Your assignment >> In the entries below, which lines run from the one with "2.上半区半决赛谢赫获胜, 比分:谢赫 1:0" through the one with "No golo anulado, a"? Repeat exactly those, both included, and no pictures.
** Data under study follows **
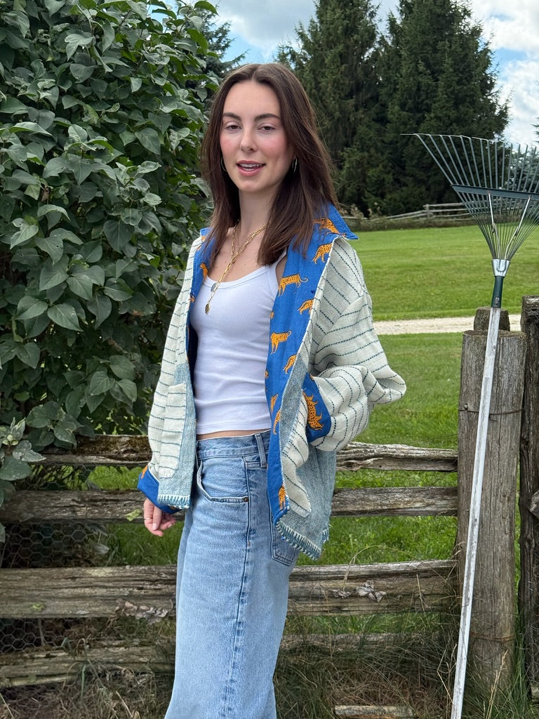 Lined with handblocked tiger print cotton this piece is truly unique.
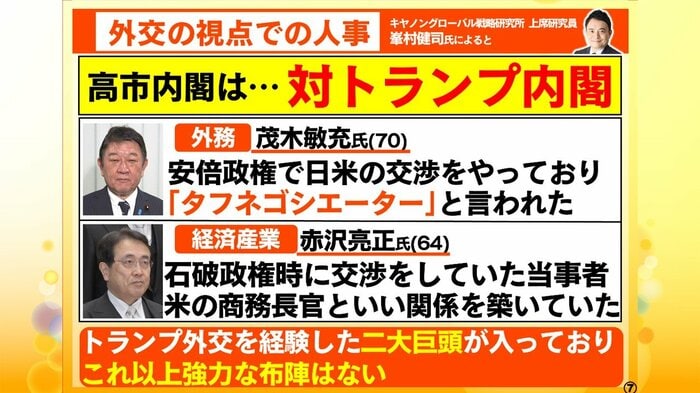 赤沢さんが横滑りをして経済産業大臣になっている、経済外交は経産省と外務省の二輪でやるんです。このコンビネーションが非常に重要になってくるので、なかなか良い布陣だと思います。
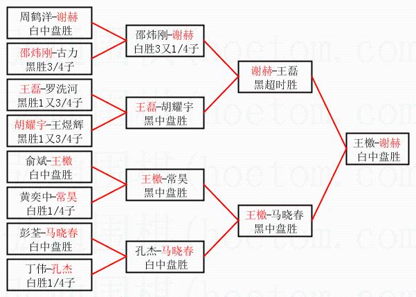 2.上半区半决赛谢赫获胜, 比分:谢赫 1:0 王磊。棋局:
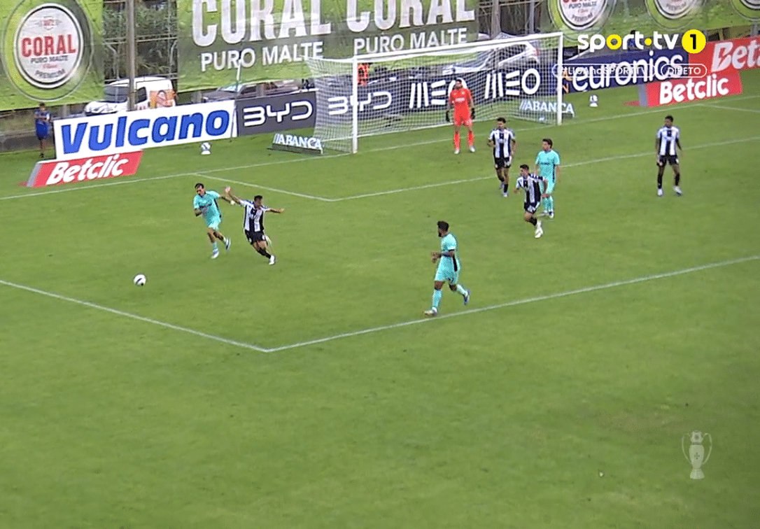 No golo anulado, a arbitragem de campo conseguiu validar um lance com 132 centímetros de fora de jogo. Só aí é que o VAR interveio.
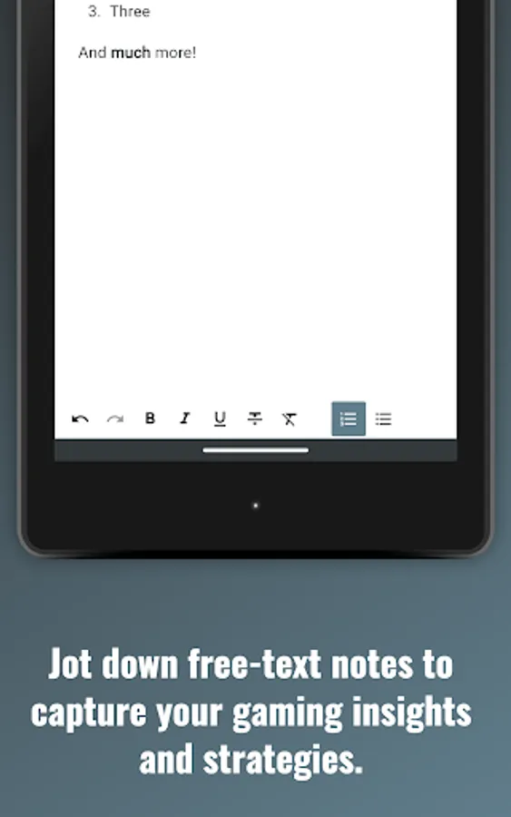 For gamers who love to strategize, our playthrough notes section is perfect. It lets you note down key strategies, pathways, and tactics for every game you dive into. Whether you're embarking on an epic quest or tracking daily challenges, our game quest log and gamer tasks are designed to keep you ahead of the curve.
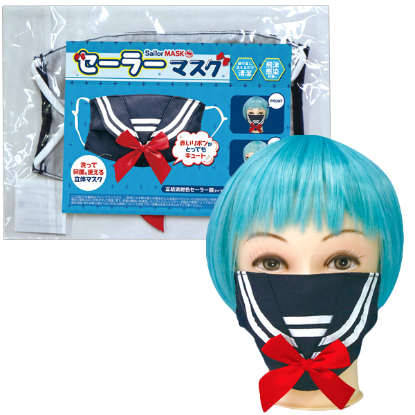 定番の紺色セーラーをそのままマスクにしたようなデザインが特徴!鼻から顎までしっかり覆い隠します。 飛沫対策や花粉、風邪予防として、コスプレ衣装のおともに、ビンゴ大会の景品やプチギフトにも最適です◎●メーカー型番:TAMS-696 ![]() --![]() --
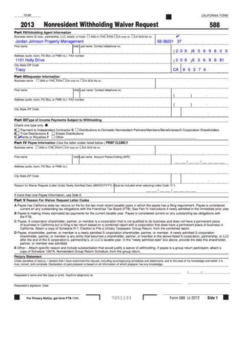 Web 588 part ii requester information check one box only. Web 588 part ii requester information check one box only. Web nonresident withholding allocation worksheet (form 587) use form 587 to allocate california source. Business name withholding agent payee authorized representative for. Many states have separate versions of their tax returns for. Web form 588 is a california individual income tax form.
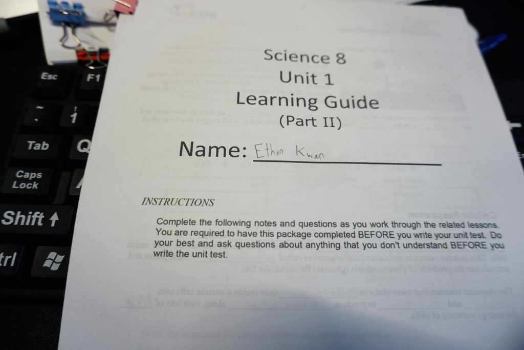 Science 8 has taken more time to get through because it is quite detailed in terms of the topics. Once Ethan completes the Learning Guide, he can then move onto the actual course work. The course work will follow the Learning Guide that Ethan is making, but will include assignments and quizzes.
** End of Data under study **
Answer space >>
 2.上半区半决赛谢赫获胜, 比分:谢赫 1:0 王磊。棋局:
 No golo anulado, a arbitragem de campo conseguiu validar um lance com 132 centímetros de fora de jogo. Só aí é que o VAR interveio.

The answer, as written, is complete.